Significance and Precision: The analyses specified will use a 5% significance level with 95% confidence intervals. Given the previous evidence in this area,10 and the clear hypotheses that are being examined, one-tailed significance testing will be adopted. To reduce multiple testing, significance tests for measures with multiple sub-scores will use global tests with multiple degrees of freedom.

Model checking: For models assuming continuous responses Q-Q plots of residuals will be examined.

First phase analysis - immediate post-treatment outcomes
Analysis 1 will focus initially on the primary outcome measure (autism symptoms) through an investigation of AOSI Total Scores at Follow-up Assessment 1. The Follow-up Assessment 1 AOSI Total Score (dependent variable) is a continuous variable and will be analysed using regression, with intervention group (iBASIS-VIPP vs. treatment as usual) as the independent variable of interest, and covarying for baseline AOSI Total Score (ANCOVA framework).

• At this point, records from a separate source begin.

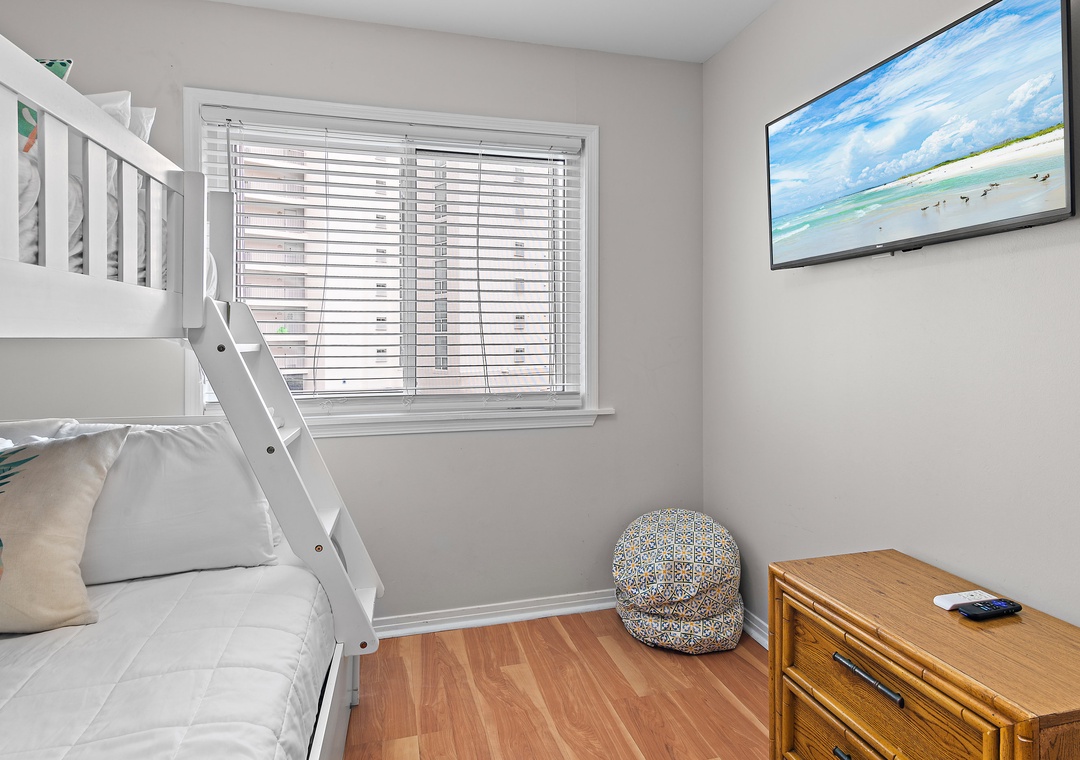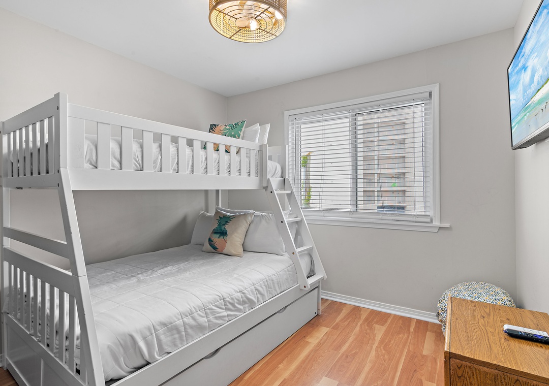 •Secondary: twin-over-full bunk bed and twin trundle (sleeps 4)
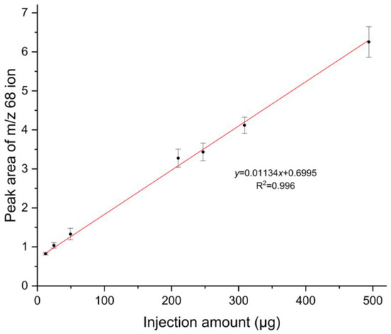 The detection limit (limit of detection, LOD) is calculated based on the signal that is three times the standard deviation (SD) of the peak noise blank. It refers to an important indicator of the sensitivity or detection capability of an analytical method. The blank sample refers to a clean pyrolysis cup to which no sample has been added. The response values of blank samples were measured ten times. The m/z 68 ion was extracted, and peak areas were calculated to obtain the standard deviation of peak area intensities. Subsequently, the method’s LOD was determined by dividing three times the standard deviation by the slope of the calibration curve, resulting in an LOD of 0.639 µg.
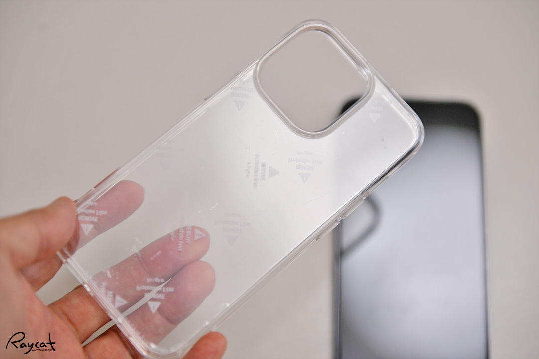 케이스 안쪽과 겉면에 보호 필름이 붙어 있으며 측면은 말랑말랑하고 후면은 딱딱한 소재로 되어 있습니다.
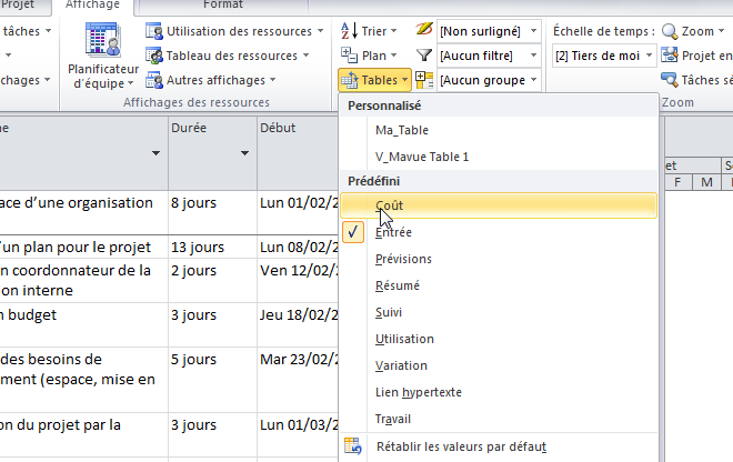 Avec Ms Project, vous pouvez également créer une nouvelle colonne et y afficher les coûts fixes. Pour réaliser ceci, vous devez d’abord passer de la table d’entrée à l’affichage de tableau des coûts. Vous pouvez le faire en accédant à l’onglet « Affichage » puis en cliquant sur le manu déroulant « Tables » dans le groupe « Données » et en sélectionnant « Coût » :
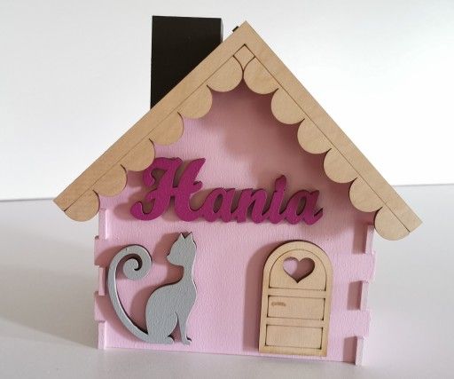 Ponadto każdy domek posiada spersonalizowany napis z imieniem dziecka oraz wybrany dekor.

Further analyses will focus on the trial’s secondary outcome variables at follow-up 1.

MACI
The following MACI scores will be investigated: Caregiver sensitive responsiveness, caregiver nondirectiveness, infant attentiveness, and infant positive affect. These will be analysed as a four-outcome regression using an estimating equations approach with unstructured working correlation matrix (equivalent to MANOVA in complete data case) with a 4df significance test reported, again with (iBASIS-VIPP vs. TAU) as the independent variable, and covarying for baseline measures.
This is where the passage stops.